"Unsupervised learning is a paradigm in machine learning where, in contrast to supervised learning and semi-supervised learning, algorithms learn patterns exclusively from unlabeled data."
Learning from unlabelled data, including clustering, dimensionality reduction, and anomaly detection.
Clustering: Grouping of similar data points without any prior knowledge of labels or classes.
Dimensionality reduction: Reducing the number of features or variables in the dataset while retaining the most important information.
Anomaly detection: Identifying unusual or unexpected data points or patterns that deviate from the normal behavior of the dataset.
Density estimation: Estimating the probability density function of the underlying distribution of the data.
Generative models: Models that learn the underlying distribution of the data and can generate new samples from this distribution.
Autoencoders: Neural networks used to learn a compressed representation of the input data.
Reinforcement learning: Learning through trial and error in an environment without supervision.
Principal component analysis (PCA): A statistical technique used for dimensionality reduction.
Gaussian mixture models: Models that represent the data as a mixture of several Gaussian distributions.
K-means clustering: A common clustering algorithm that separates the data into k number of clusters based on similarity.
Self-organizing maps: A neural network-based clustering algorithm that displays the clusters in a 2D or 3D visualization.

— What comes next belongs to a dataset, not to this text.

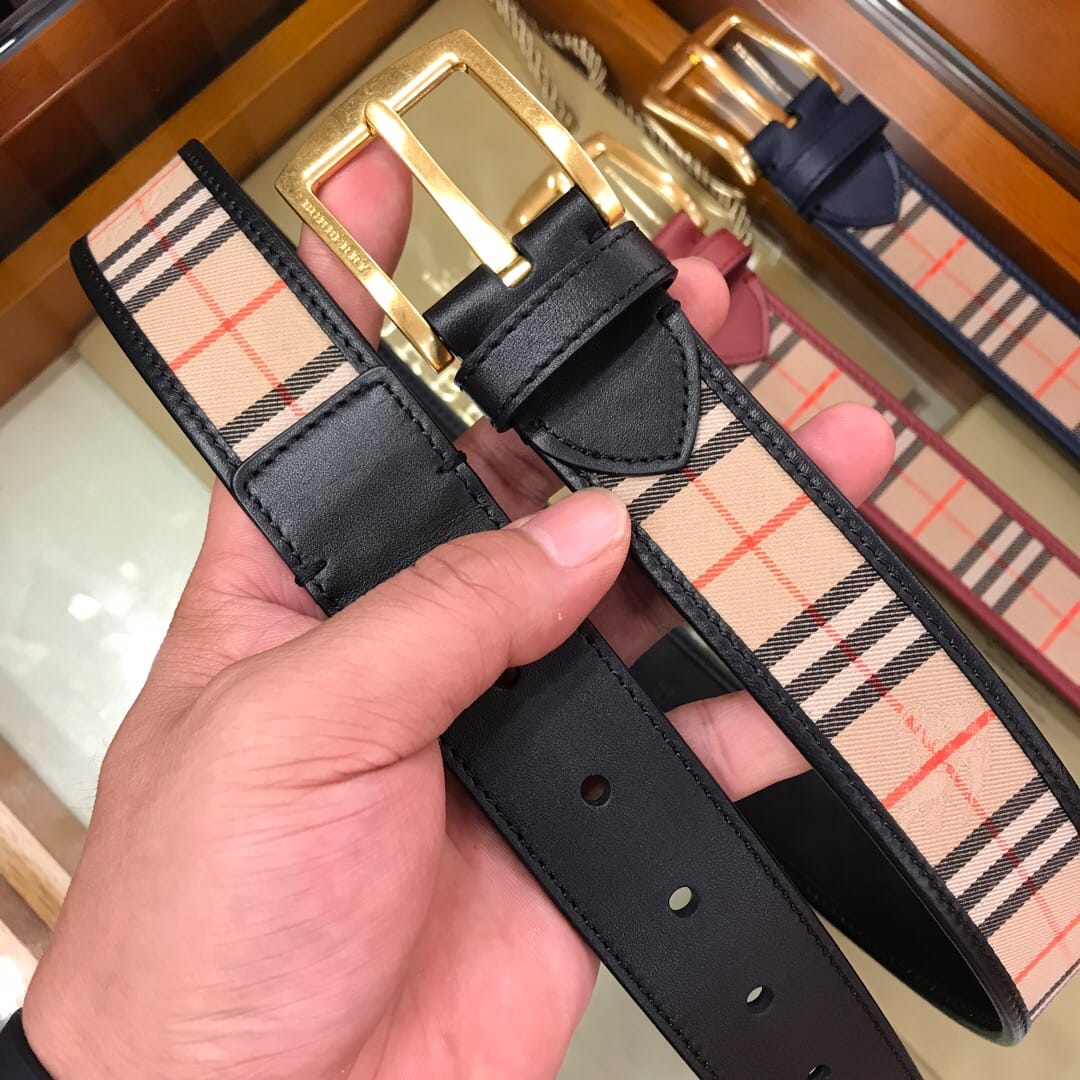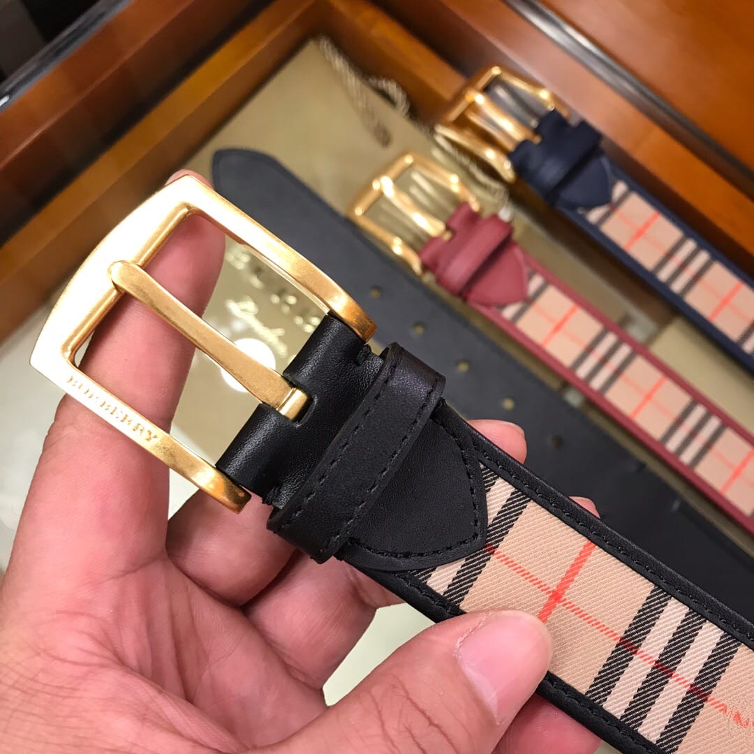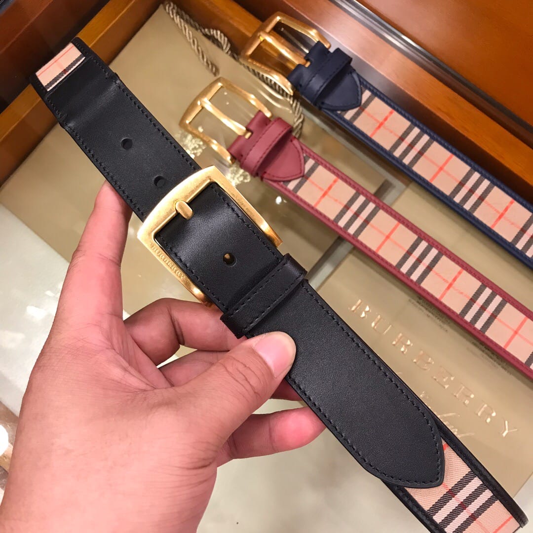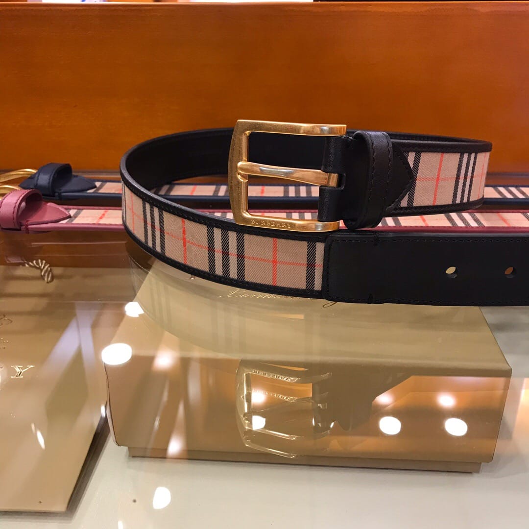 {巴宝莉}男士皮带!格纹腰带,采用皮革衬里,产自意大利工坊。
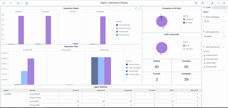 The Agent Details dashboard provides information about agent details, by workgroup. The visualizations display agent statistics for total interactions answered, completed, and on hold. The Agent Details dashboard also displays the average handling times for an agent, with positive and negative scores.

Hierarchical clustering: A clustering algorithm that creates a hierarchy of clusters started from a single cluster.
Expectation-maximization algorithm: Algorithm for finding maximum likelihood estimates of parameters in probabilistic models, especially Gaussian mixture models.

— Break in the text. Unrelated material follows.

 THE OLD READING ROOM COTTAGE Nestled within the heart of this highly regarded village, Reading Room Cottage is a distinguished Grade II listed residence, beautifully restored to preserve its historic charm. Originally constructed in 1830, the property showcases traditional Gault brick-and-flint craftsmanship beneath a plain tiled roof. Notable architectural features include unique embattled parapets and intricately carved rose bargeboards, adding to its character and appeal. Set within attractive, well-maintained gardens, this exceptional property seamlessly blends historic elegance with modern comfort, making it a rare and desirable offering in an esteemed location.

Similarity/distance metrics: Measures of similarity or dissimilarity between data points used in clustering algorithms.
Non-negative matrix factorization: Matrix factorization technique used for dimensionality reduction and clustering.
Clustering: Clustering is a type of unsupervised learning that involves grouping data points together based on their similarity. The objective of clustering is to create clusters that are internally homogeneous and externally heterogeneous.
Anomaly Detection: Anomaly detection is the process of identifying rare or unusual data points in a dataset. The objective of anomaly detection is to identify data points that do not fit the expected pattern of the data.
Dimensionality Reduction: Dimensionality reduction is a technique used to reduce the number of dimensions in a dataset. This is done by identifying and removing irrelevant or redundant features.
Association Rules: Association rules is a technique used to identify patterns in data. The objective of association rules is to identify sets of data points that frequently co-occur in the dataset.
Neural Networks: Neural networks is a type of unsupervised learning that involves building a network of interconnected nodes that can learn to recognize patterns in data.
Deep Learning: Deep learning is a type of unsupervised learning that involves training neural networks with large amounts of data.
Autoencoders: Autoencoders is a type of unsupervised learning that involves building a network of interconnected nodes that can learn to compress and reconstruct data.
Generative Adversarial Networks (GANs): GANs is a type of unsupervised learning that involves training two neural networks to compete against each other. The objective of GANs is to generate new, synthetic data that is similar to the real data.
Self-organizing Maps: Self-organizing maps is a type of unsupervised learning that involves building a two-dimensional map of data points. The objective of self-organizing maps is to identify the underlying structure of the data.
Hierarchical Clustering: Hierarchical clustering is a type of unsupervised learning that involves building a tree-like structure of clusters. The objective of hierarchical clustering is to identify nested clusters in the data.
"Unsupervised learning is a paradigm in machine learning where, in contrast to supervised learning and semi-supervised learning, algorithms learn patterns exclusively from unlabeled data."
"algorithms learn patterns exclusively from unlabeled data."
"...algorithms learn patterns exclusively from unlabeled data."
"Unsupervised learning is a paradigm in machine learning where, in contrast to supervised learning and semi-supervised learning, algorithms learn patterns exclusively from unlabeled data."